= James W. Corbett =

American physicist

James William Corbett (25 August 1928, Manhattan – 25 April 1994, Albany, New York) was a solid-state physicist.

He received his bachelor's degree from the University of Missouri and his Ph.D. from Yale University in 1955. Beginning in 1955 he was a research associate at the General Electric Research Laboratory in Schenectady, New York. During the 1960s as an adjunct professor at Rensselaer Polytechnic Institute, he was a co-founder and director of Rensselaer's Joint Laboratories for Advanced Materials. His 1966 book Electron Radiation Damage in Semiconductors and Metals was highly esteemed. In 1968 he joined the faculty of the University at Albany, SUNY. For the academic year 1975–1976 he was a Guggenheim Fellow. He was an associate editor of the Elsevier journal Materials Letters.

Dr. Corbett earned an international reputation for his contributions to semiconductor physics.
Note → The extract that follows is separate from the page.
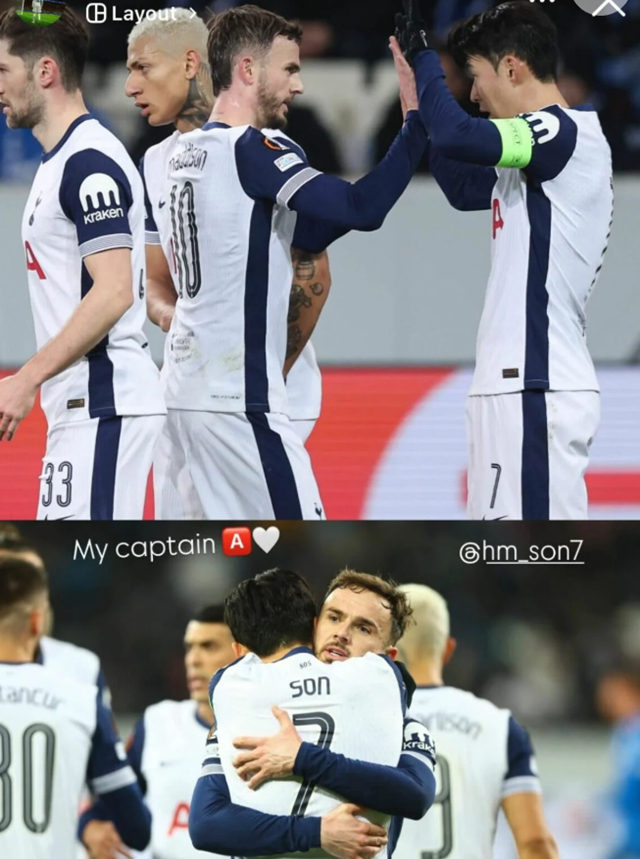 '캡틴' 손흥민(33)의 멀티골 활약에 '토트넘 부주장' 제임스 매디슨(29)도 존경심 가득한 진심을 전했다.
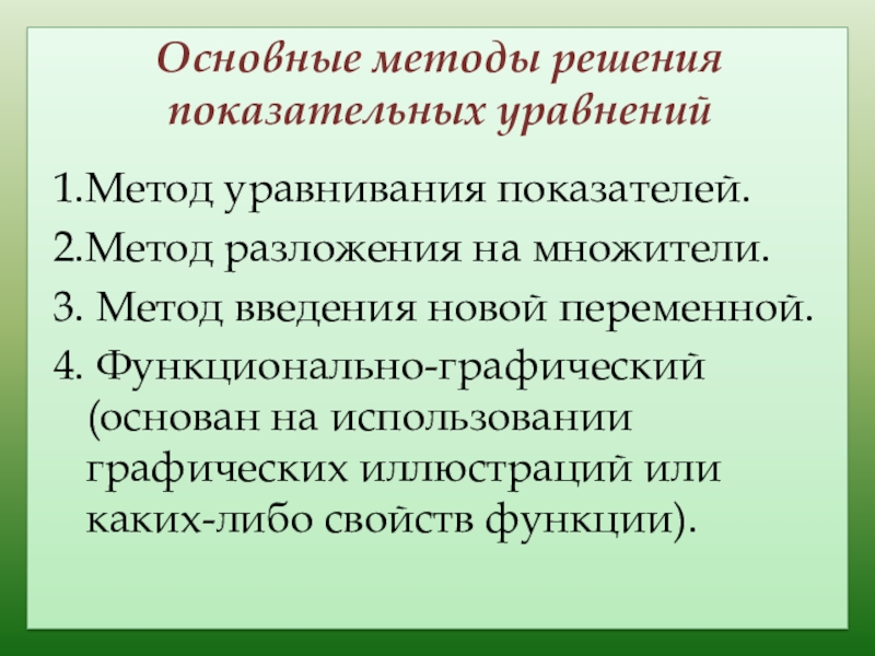 Основные методы решения показательных уравнений1.Метод уравнивания показателей.2.Метод разложения на множители.3. Метод введения новой переменной.4. Функционально-графический (основан на

He was the author or co-author of hundreds of publications, including 10 books and monographs, the most recent of which, "Hydrogen in Crystalline Semiconductors," was published by Springer Verlag in 1992.

At G.E. his research involved early pioneering studies of the effects of electron irradiation on metals and semiconductors.
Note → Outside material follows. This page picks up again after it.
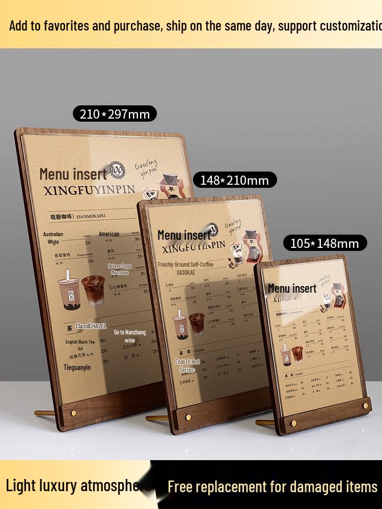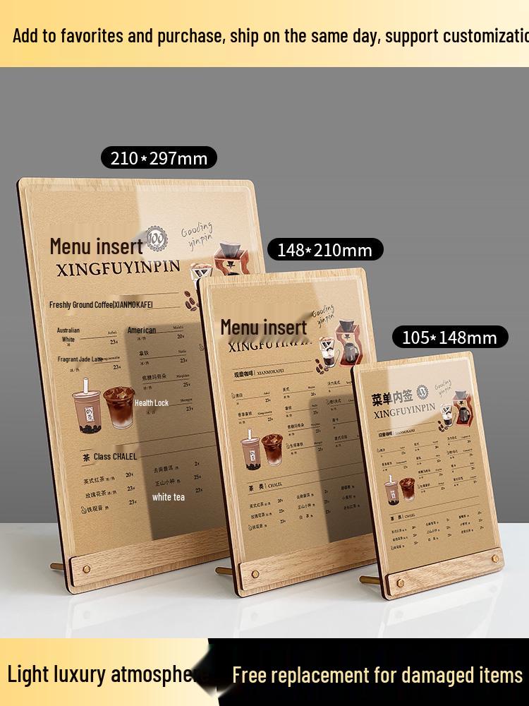 Акриловый вертикальный дисплей для меню формата А4 для кофеен и чайных

As his career progressed, Corbett expanded his research efforts to include defects resulting from neutron irradiation, ion-implant damage and various aspects of semiconductor processing. With his students and collaborators he also made innovative use of probes such as deep-level transient spectroscopy, positron annihilation and quantum mechanical cluster calculations to push forward research into the basic nature of defects. Of particular importance have been his contributions to the understanding of the variety of vacancy aggregates that can form in silicon, the properties of hydrogen and the myriad technologically important interactions that can and do occur between them.

Upon his death, he was survived by his wife, M. E. Grenander, and two sons. In 1999 a bequest of $1.5 million from M. E. Grenander funded the James W. Corbett Distinguished Professorship in Physics at the University at Albany, SUNY.